▶ **Dataset excerpts**:
Content starts

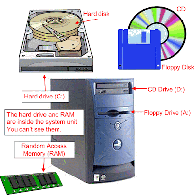 The system unit is the actual computer; everything else is called a peripheral device. Your computer's system unit probably has at least one floppy disk drive, and one CD or DVD drive, into which you can insert floppy disks and CDs. There's another disk drive, called the hard disk inside the system unit, as shown in Figure 2. You can't remove that disk, or even see it. But it's there. And everything that's currently "in your computer" is actually stored on that hard disk. (We know this because there is no place else inside the computer where you can store information!).
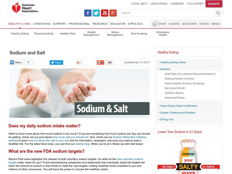 American Heart Association: Getting Healthy: Nutrition Center: Sodium
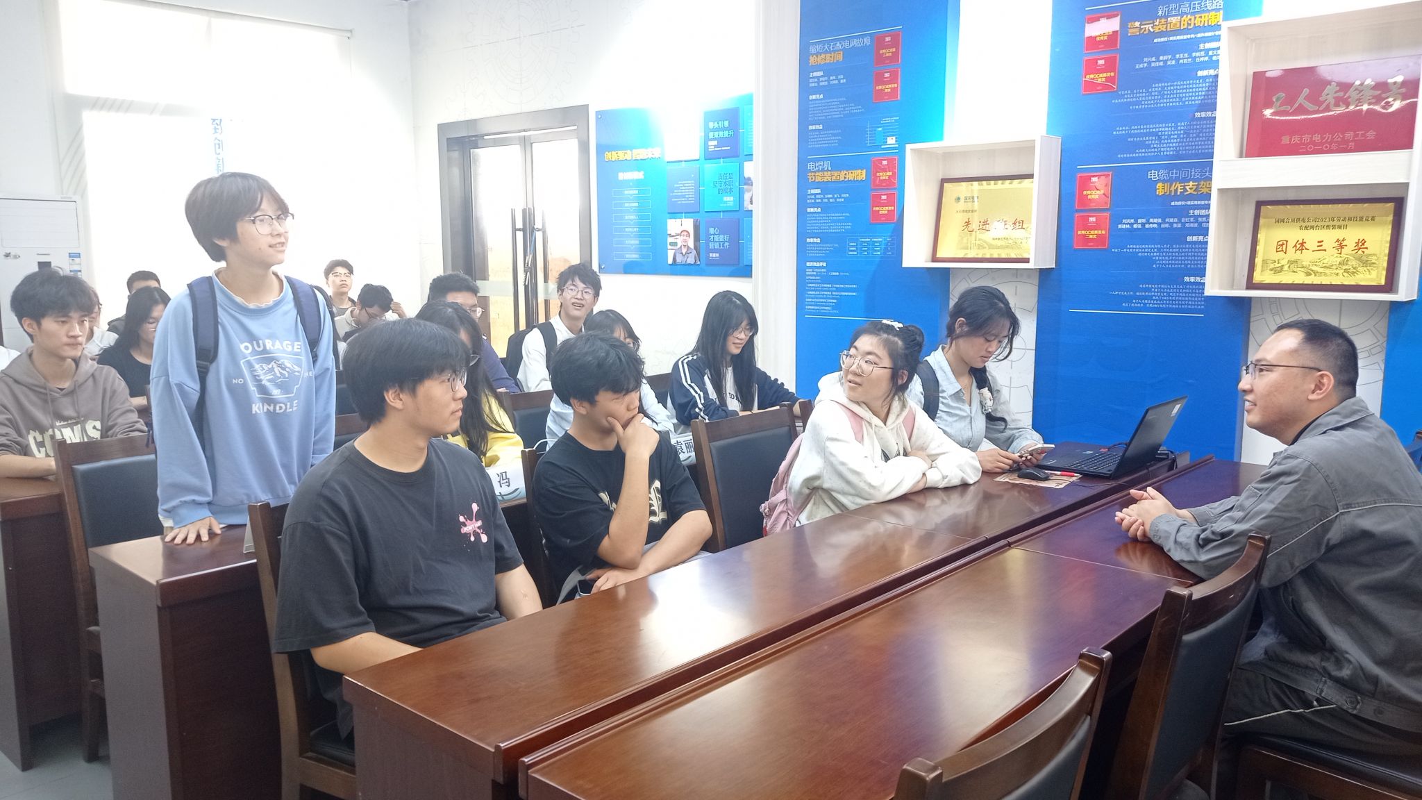 郭所长与同学们在大石供电所党建会议室进行座谈,耐心回答同学们提出的关于智慧电网、智能物料仓库、就业实习、等问题。
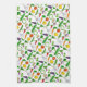 Patrón de verduras mixtas coloridas sobre toalla de cocina.
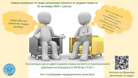 Главна инспекция по труда ще проведе приемни за трудови права във всички териториални дирекции в страната. Консултациите са от 09:00 до 17:30 ч., без предварително записване . Гражданите ще могат да получат информация относно спазването на трудовото законодателство, включително здравословни и безопасни условия на труд. От началото на годината..

Content ends

▶ **What to do**:
Whatever the records hold apart from pictures should be repeated exactly.

▶ **Solution**:
 The system unit is the actual computer; everything else is called a peripheral device. Your computer's system unit probably has at least one floppy disk drive, and one CD or DVD drive, into which you can insert floppy disks and CDs. There's another disk drive, called the hard disk inside the system unit, as shown in Figure 2. You can't remove that disk, or even see it. But it's there. And everything that's currently "in your computer" is actually stored on that hard disk. (We know this because there is no place else inside the computer where you can store information!).
 American Heart Association: Getting Healthy: Nutrition Center: Sodium
 郭所长与同学们在大石供电所党建会议室进行座谈,耐心回答同学们提出的关于智慧电网、智能物料仓库、就业实习、等问题。
 Patrón de verduras mixtas coloridas sobre toalla de cocina.
 Главна инспекция по труда ще проведе приемни за трудови права във всички териториални дирекции в страната. Консултациите са от 09:00 до 17:30 ч., без предварително записване . Гражданите ще могат да получат информация относно спазването на трудовото законодателство, включително здравословни и безопасни условия на труд. От началото на годината..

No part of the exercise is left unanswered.